Observations that fall out of this separation:

  • A enumerates B, not C. B’s pipelines read the Register to learn which datasets exist and where their distributions live. C is enumerated separately, from the Network of Terms catalogue of terminology sources. Part of that catalogue may migrate into the Register over time, but external sources like GeoNames, AAT and Wikidata stay outside it, so C keeps its own enumeration.
  • Object search over B is the norm; only the register indexes A. A Service Platform’s Search Pipeline reads the register (substrate A) only to enumerate which datasets to crawl; the records it ingests are the objects inside their distributions (substrate B) – each CreativeWork, Person, or Place. The dataset descriptions themselves never enter that index. The one exception is the Dataset Register’s own browser: being the catalog, it indexes substrate A directly – the dataset descriptions are its records – enriched with DKG facets.
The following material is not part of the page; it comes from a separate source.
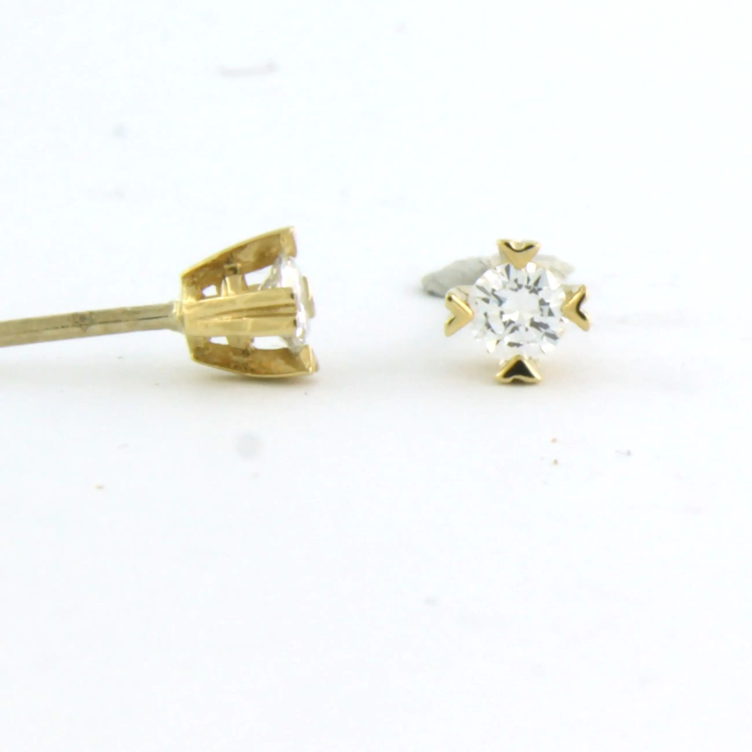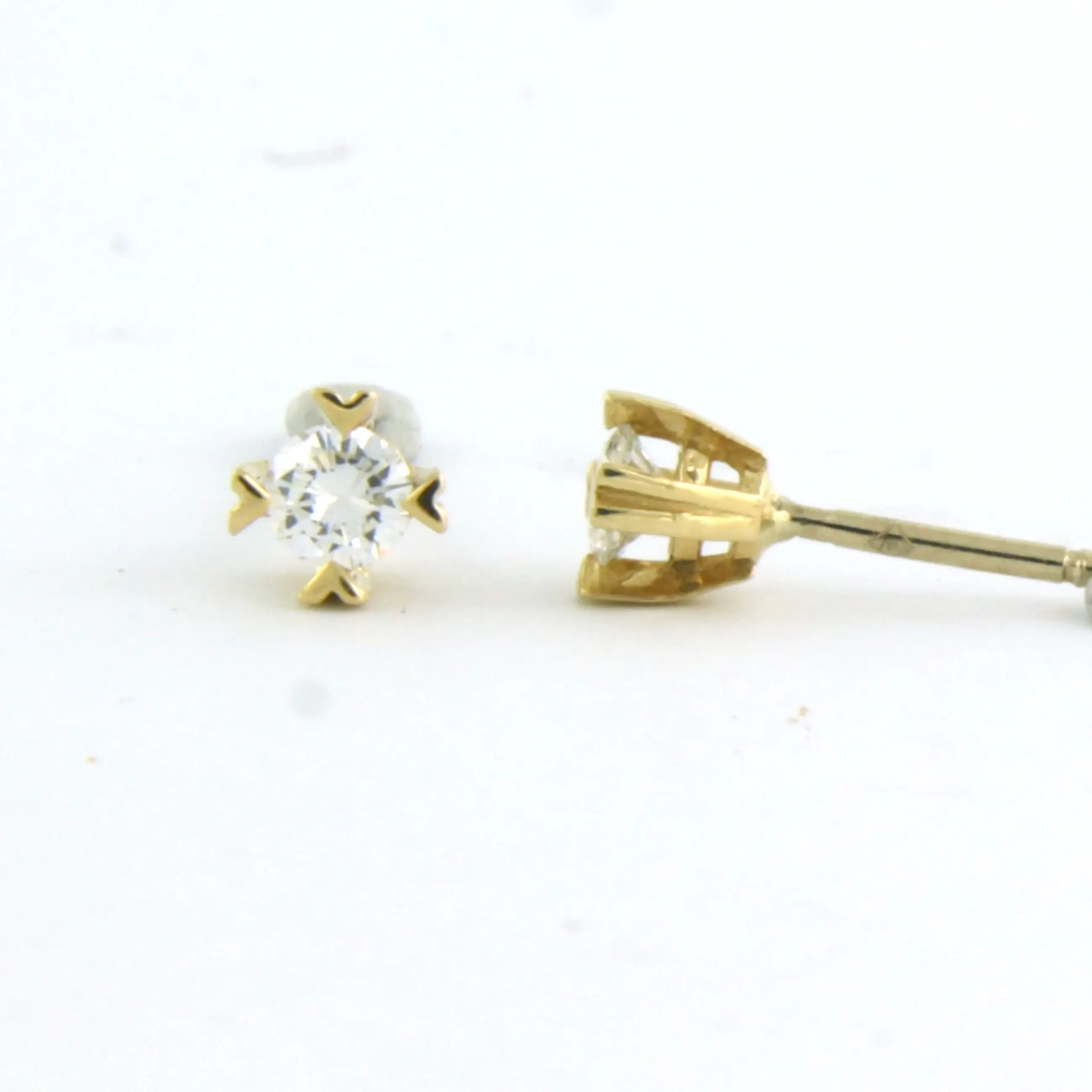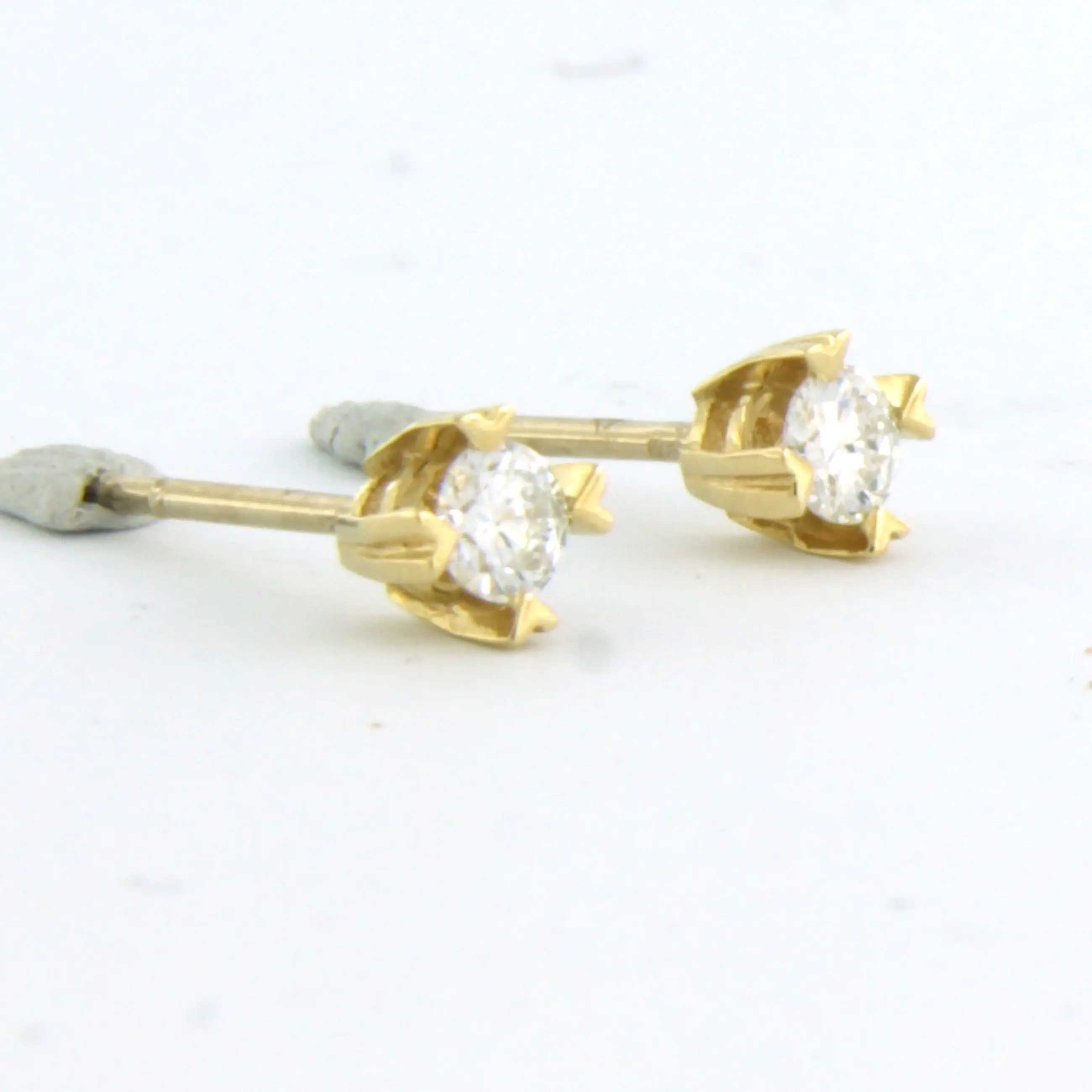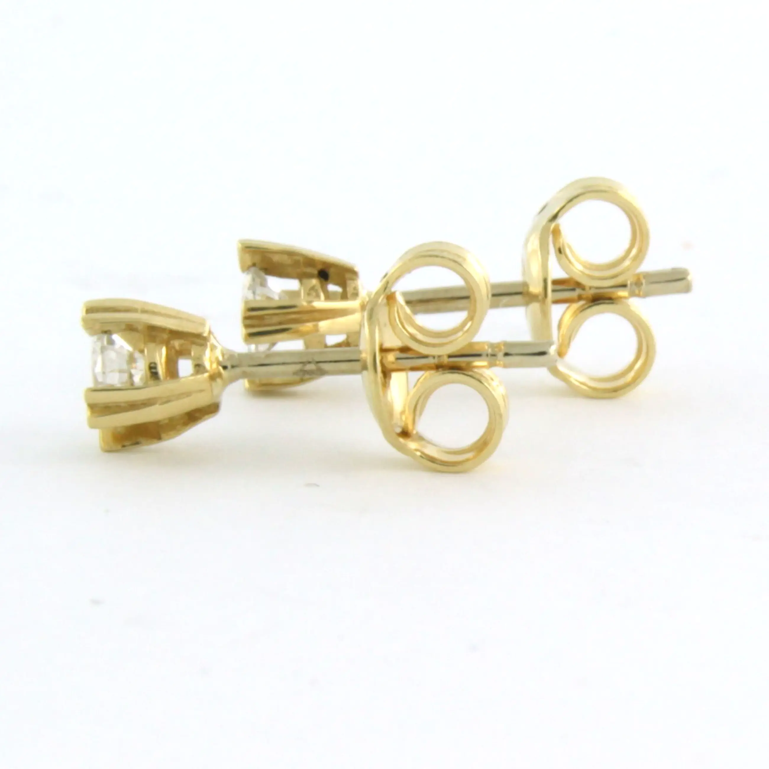 18k geel gouden solitair oorknoppen bezet met briljant geslepen diamant tot. 0,22ct - G/H - VS

Same pipeline and stages either way; only the substrate and record grain differ.
  • B carries multiple projections. The same crawl feeds three structurally different sinks: an AP-aware search-document projection (Search Pipeline), a VoID (Vocabulary of Interlinked Datasets) statistical summary (Dataset Knowledge Graph), and a data-model-agnostic term-backlink projection (Term Backlink Graph). All three are enumerated from A but compute over B’s contents: what differs is the projection, not the substrate.
  • Change cadences differ. B changes most often: records are added, updated, and removed at source as collections grow. A changes less often: dataset metadata is updated more rarely than the records it describes. C is most stable: vocabularies move slowly. Stack components inherit the change cadence of the substrate they ride on.